▶
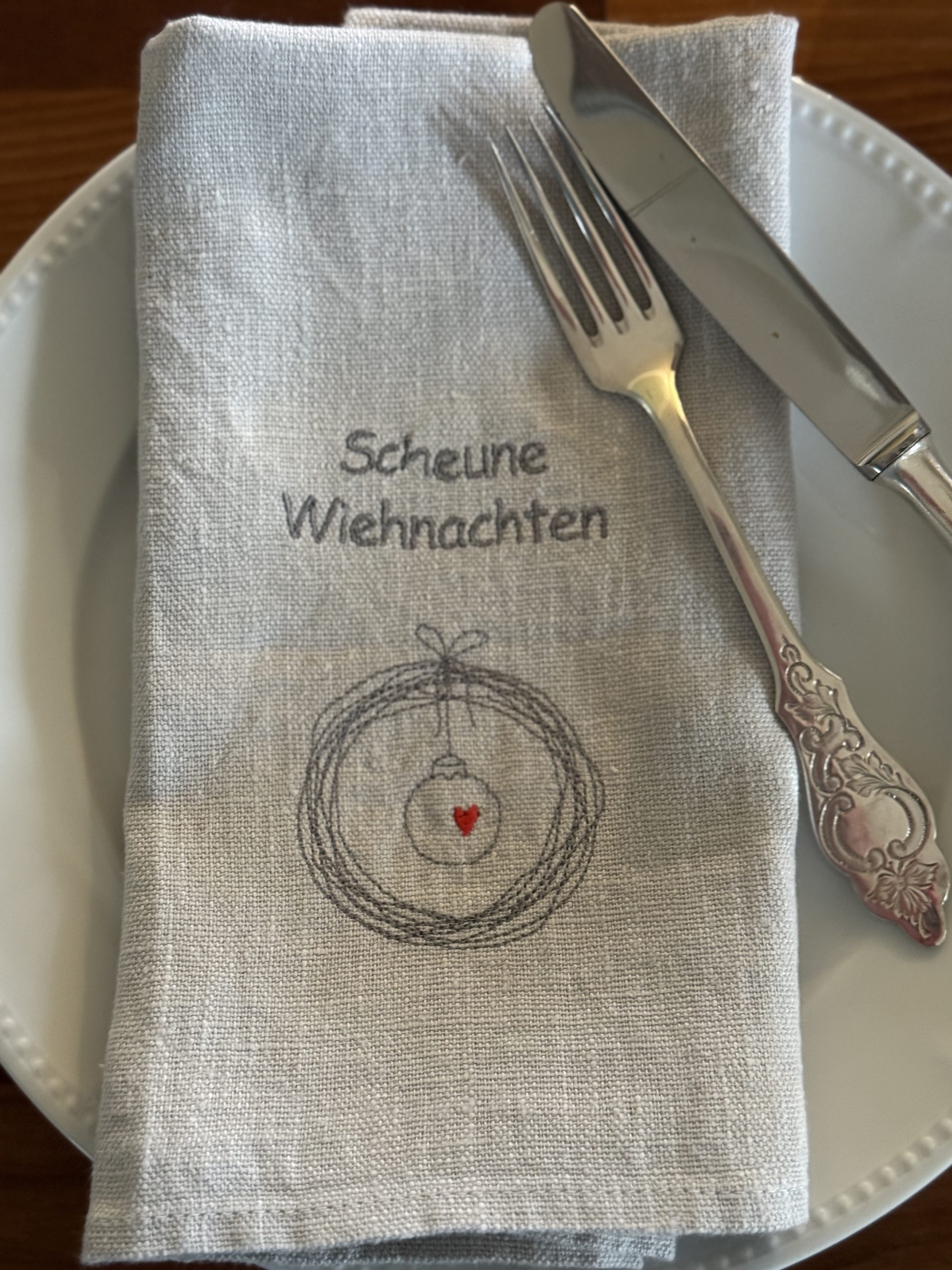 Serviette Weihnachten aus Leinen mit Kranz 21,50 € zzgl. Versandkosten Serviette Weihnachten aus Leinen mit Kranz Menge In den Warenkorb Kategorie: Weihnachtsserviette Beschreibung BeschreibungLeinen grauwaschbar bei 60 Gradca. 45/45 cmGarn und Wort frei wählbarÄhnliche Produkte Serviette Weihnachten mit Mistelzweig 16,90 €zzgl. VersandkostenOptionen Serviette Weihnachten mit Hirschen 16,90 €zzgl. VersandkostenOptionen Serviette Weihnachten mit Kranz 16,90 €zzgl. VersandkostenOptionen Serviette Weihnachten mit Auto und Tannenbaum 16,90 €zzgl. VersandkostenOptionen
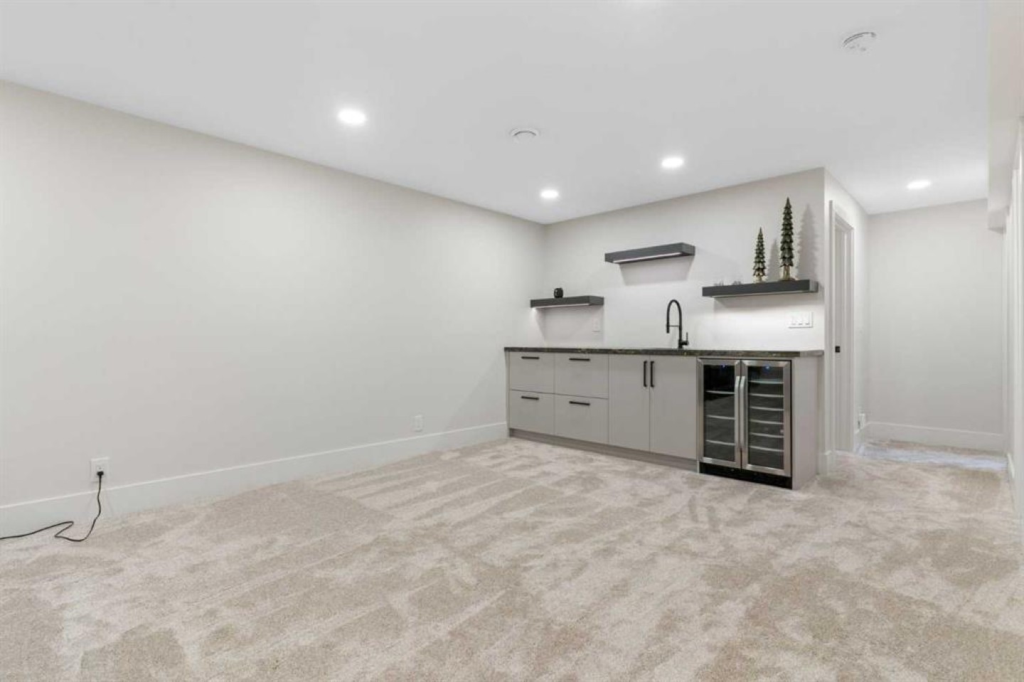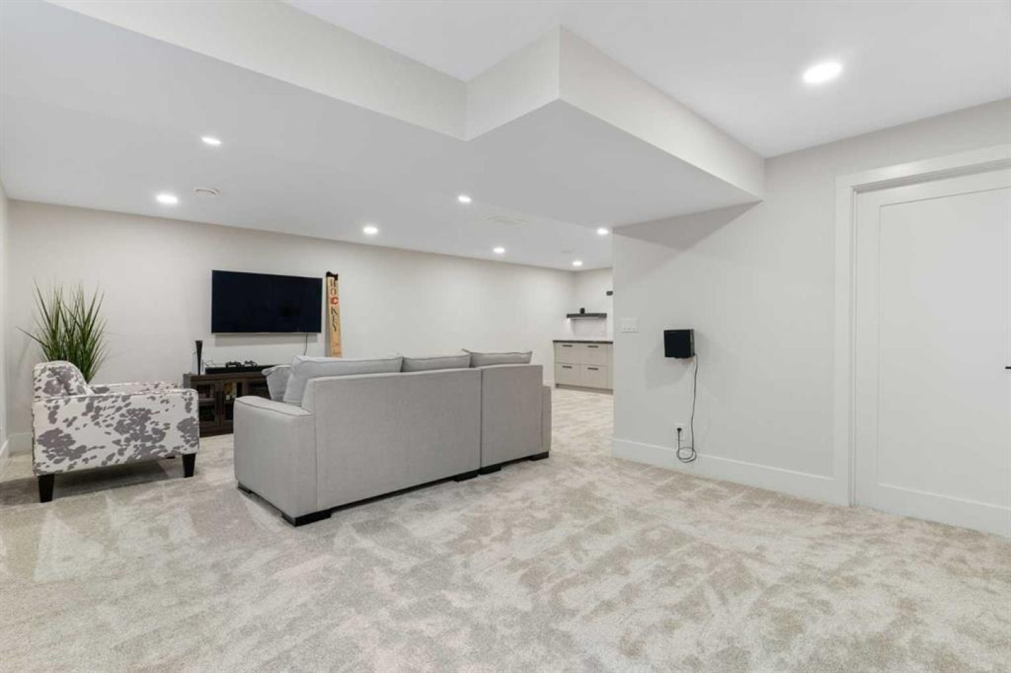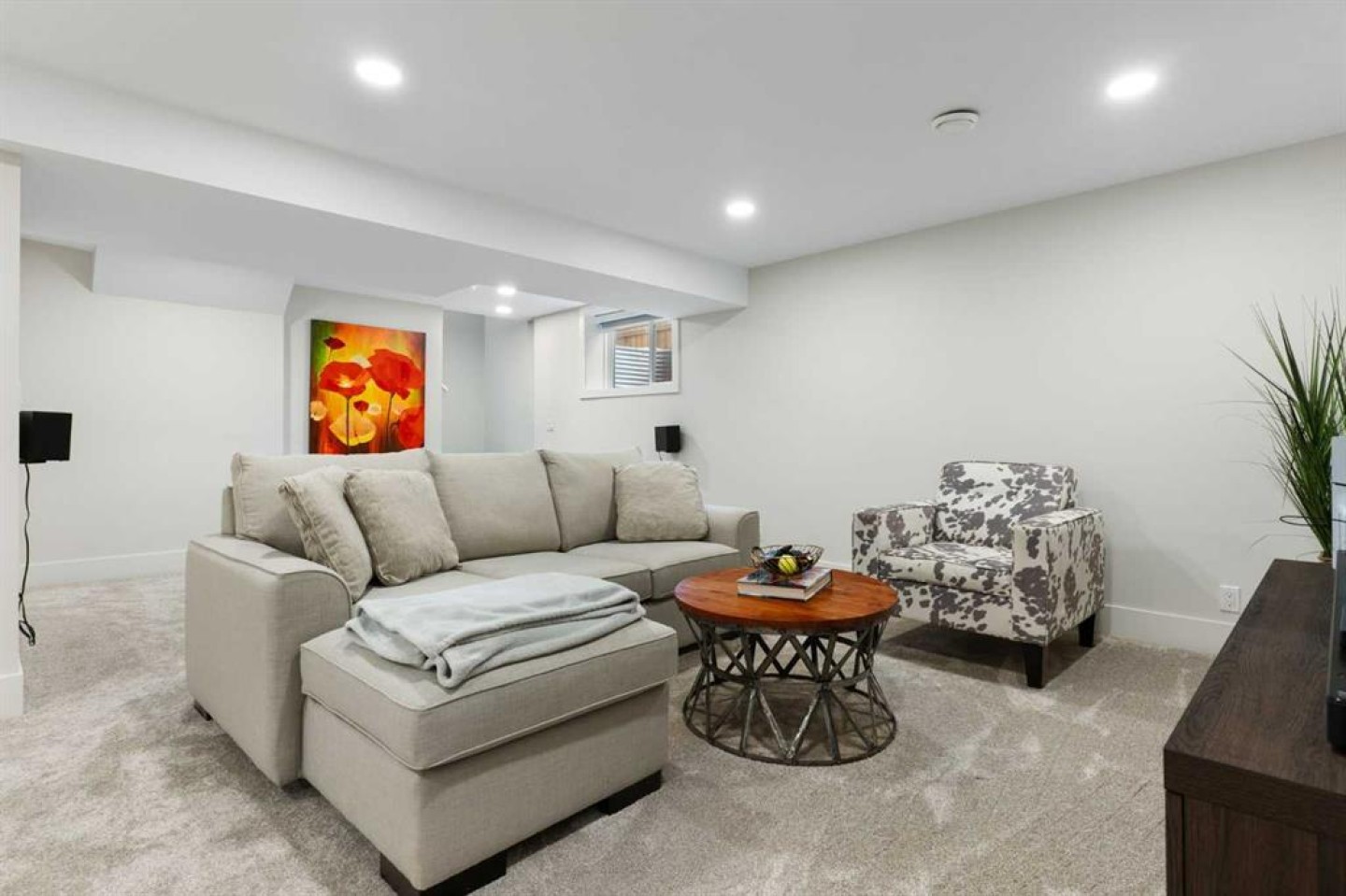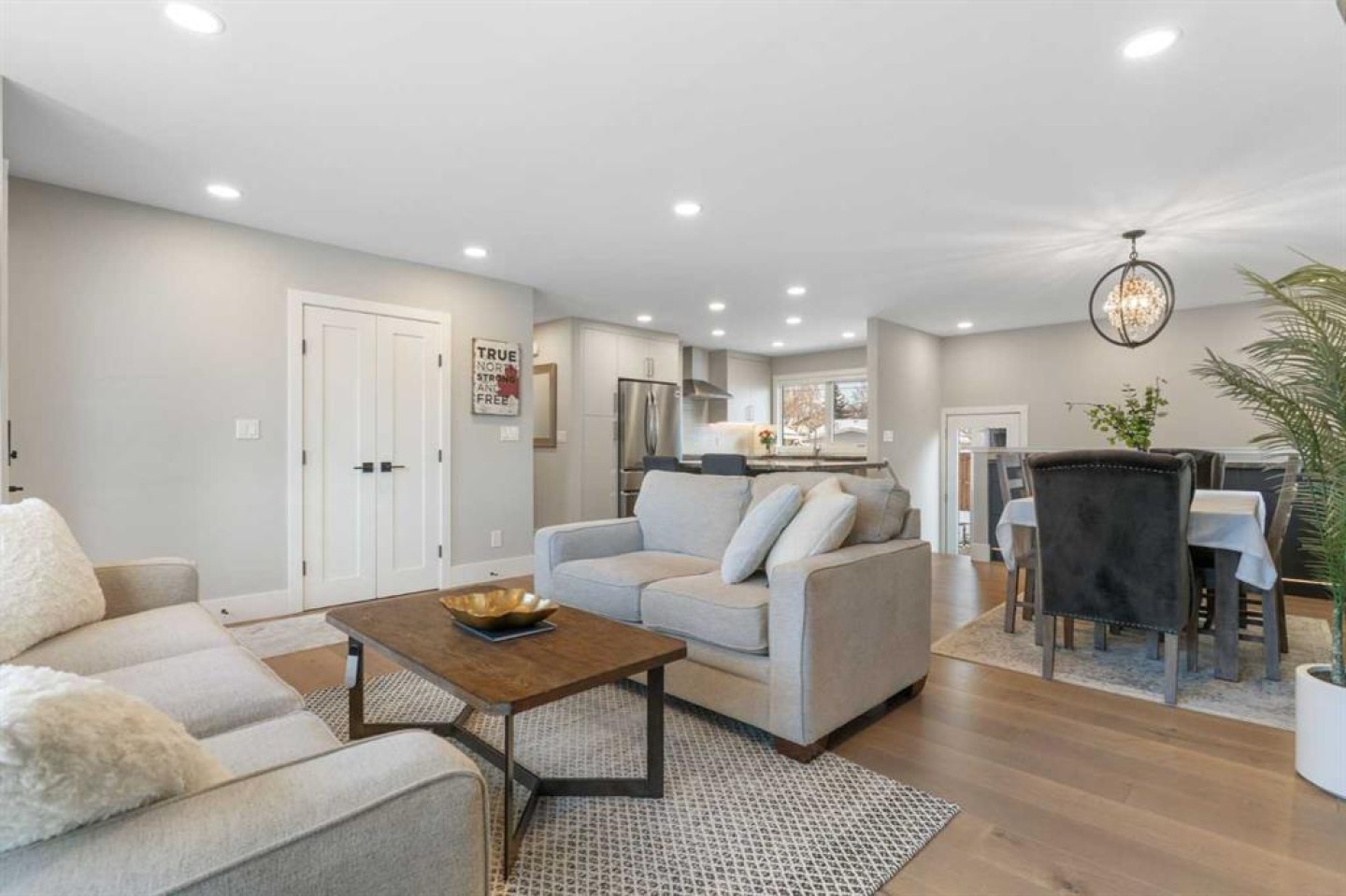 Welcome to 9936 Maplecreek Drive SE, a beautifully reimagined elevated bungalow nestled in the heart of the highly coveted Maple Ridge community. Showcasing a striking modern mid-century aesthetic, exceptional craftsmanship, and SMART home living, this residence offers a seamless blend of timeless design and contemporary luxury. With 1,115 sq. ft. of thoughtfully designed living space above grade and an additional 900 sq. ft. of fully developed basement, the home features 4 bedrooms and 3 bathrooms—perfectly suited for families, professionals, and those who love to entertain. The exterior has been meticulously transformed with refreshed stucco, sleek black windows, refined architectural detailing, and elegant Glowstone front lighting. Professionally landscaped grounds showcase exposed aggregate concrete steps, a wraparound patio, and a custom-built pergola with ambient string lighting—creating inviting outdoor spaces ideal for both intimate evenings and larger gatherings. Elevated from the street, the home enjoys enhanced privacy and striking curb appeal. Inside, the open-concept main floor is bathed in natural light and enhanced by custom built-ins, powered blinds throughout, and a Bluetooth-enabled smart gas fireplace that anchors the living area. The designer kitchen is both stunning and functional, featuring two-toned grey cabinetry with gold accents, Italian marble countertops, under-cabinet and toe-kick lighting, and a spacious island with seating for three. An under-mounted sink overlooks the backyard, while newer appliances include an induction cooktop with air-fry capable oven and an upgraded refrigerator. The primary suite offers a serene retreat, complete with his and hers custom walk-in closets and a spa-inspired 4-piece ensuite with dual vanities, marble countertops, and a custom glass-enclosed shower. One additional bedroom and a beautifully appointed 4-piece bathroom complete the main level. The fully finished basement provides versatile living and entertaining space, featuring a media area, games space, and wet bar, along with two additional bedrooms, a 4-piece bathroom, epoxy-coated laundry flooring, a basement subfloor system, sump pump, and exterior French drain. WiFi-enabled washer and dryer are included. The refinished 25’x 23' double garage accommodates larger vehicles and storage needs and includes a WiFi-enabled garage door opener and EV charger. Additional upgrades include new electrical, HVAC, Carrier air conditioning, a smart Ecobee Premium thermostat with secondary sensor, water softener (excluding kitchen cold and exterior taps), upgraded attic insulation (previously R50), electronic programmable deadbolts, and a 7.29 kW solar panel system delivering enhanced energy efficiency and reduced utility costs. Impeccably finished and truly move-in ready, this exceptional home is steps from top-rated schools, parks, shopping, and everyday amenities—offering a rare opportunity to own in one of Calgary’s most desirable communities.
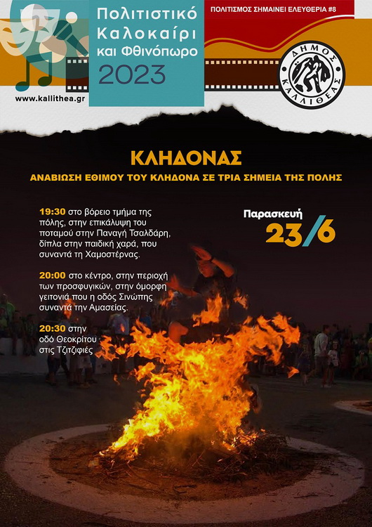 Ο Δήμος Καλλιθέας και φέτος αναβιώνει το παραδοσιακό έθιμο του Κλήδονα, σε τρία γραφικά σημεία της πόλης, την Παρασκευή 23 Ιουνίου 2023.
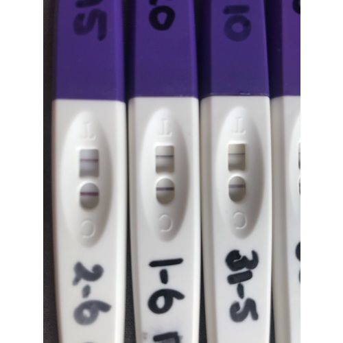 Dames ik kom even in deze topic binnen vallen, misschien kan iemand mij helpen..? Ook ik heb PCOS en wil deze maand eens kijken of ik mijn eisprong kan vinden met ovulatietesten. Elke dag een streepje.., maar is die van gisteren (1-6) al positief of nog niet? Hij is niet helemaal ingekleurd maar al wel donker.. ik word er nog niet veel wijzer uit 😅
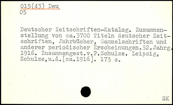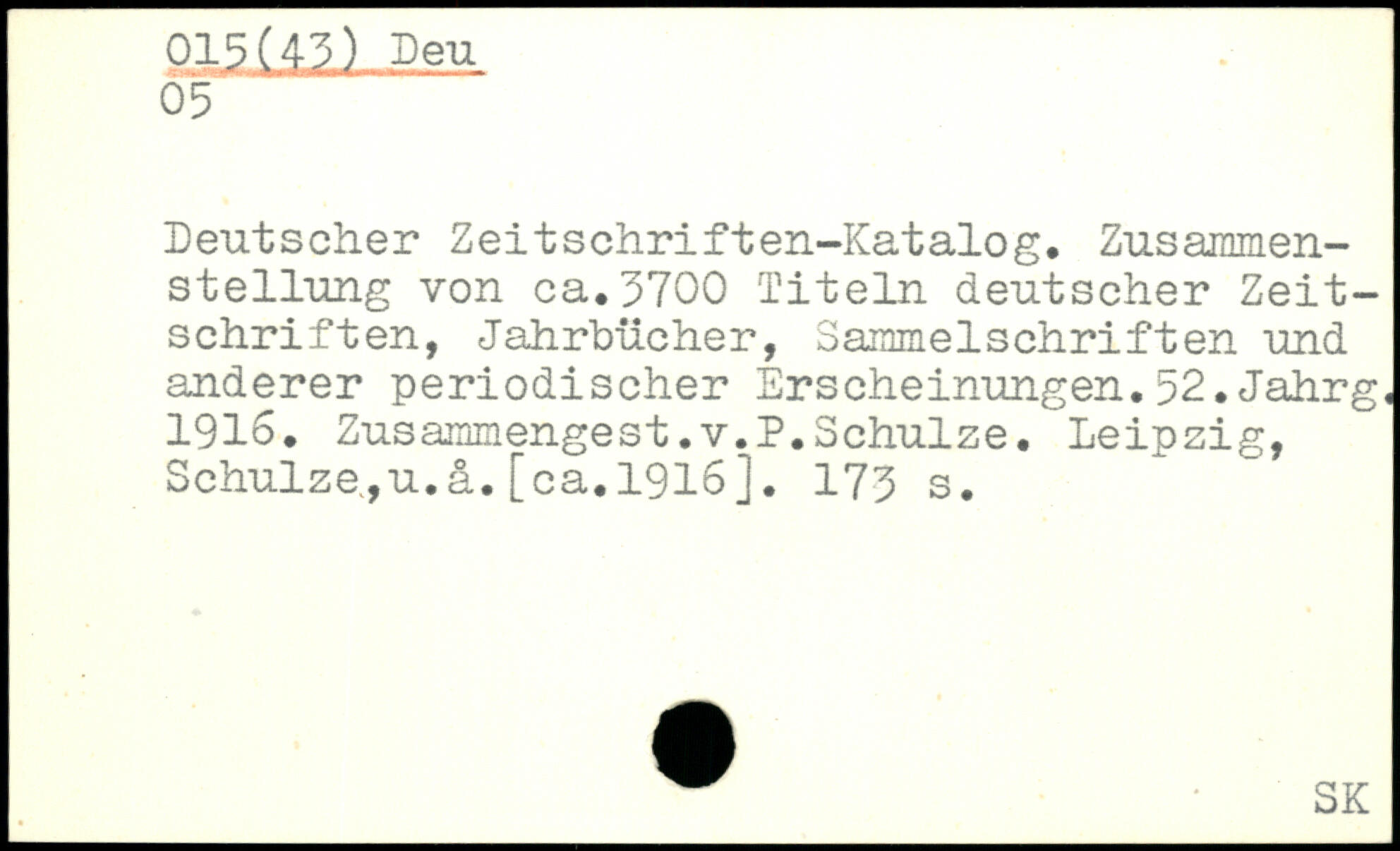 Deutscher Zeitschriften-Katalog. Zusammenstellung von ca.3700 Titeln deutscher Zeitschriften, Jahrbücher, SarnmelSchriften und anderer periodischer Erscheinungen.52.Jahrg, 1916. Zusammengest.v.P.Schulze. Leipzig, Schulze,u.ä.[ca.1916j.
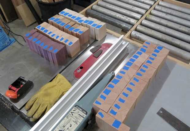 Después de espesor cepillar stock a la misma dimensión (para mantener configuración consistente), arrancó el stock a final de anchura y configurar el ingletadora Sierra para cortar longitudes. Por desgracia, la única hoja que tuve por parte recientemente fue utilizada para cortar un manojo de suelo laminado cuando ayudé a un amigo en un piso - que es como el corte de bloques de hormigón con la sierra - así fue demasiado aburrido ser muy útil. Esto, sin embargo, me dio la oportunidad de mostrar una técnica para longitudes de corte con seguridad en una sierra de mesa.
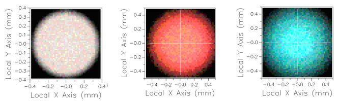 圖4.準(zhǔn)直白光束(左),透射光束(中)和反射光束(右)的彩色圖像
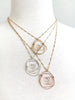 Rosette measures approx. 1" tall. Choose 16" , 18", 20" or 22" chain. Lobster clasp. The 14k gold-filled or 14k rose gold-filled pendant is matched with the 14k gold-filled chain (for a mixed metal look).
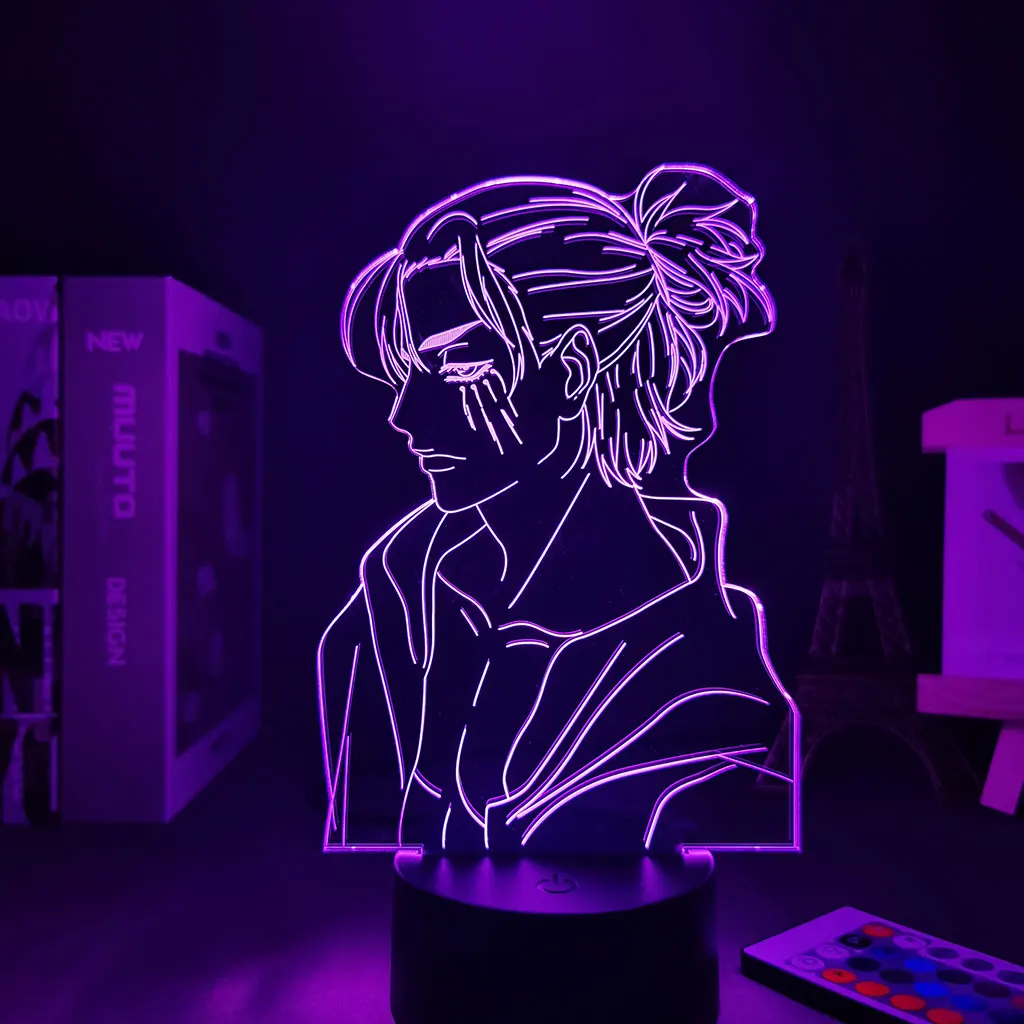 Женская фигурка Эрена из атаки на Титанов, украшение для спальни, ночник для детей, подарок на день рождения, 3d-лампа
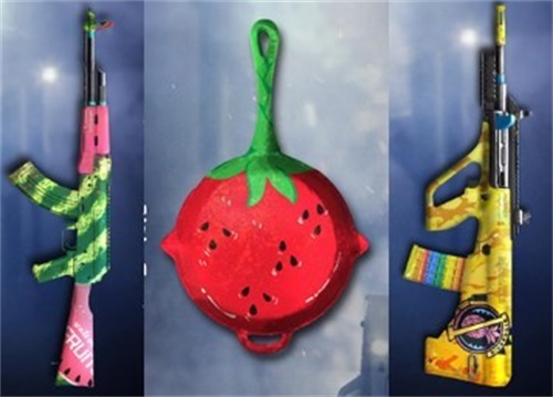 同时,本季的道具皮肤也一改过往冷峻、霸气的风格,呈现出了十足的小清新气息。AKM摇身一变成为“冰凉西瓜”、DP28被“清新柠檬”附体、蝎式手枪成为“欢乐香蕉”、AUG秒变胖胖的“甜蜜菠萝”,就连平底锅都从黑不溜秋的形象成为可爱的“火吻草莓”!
◀
▶ **Work order**:
Look through the material above. Transcribe exactly the lines between the ones with "Ο Δήμος Καλλιθέας" and "Deutscher Zeitschriften-Katalog. Zusammenstellung", inclusive, and keep pictures out.

▶ **Response**:
 Ο Δήμος Καλλιθέας και φέτος αναβιώνει το παραδοσιακό έθιμο του Κλήδονα, σε τρία γραφικά σημεία της πόλης, την Παρασκευή 23 Ιουνίου 2023.
 Dames ik kom even in deze topic binnen vallen, misschien kan iemand mij helpen..? Ook ik heb PCOS en wil deze maand eens kijken of ik mijn eisprong kan vinden met ovulatietesten. Elke dag een streepje.., maar is die van gisteren (1-6) al positief of nog niet? Hij is niet helemaal ingekleurd maar al wel donker.. ik word er nog niet veel wijzer uit 😅
 Deutscher Zeitschriften-Katalog. Zusammenstellung von ca.3700 Titeln deutscher Zeitschriften, Jahrbücher, SarnmelSchriften und anderer periodischer Erscheinungen.52.Jahrg, 1916. Zusammengest.v.P.Schulze. Leipzig, Schulze,u.ä.[ca.1916j.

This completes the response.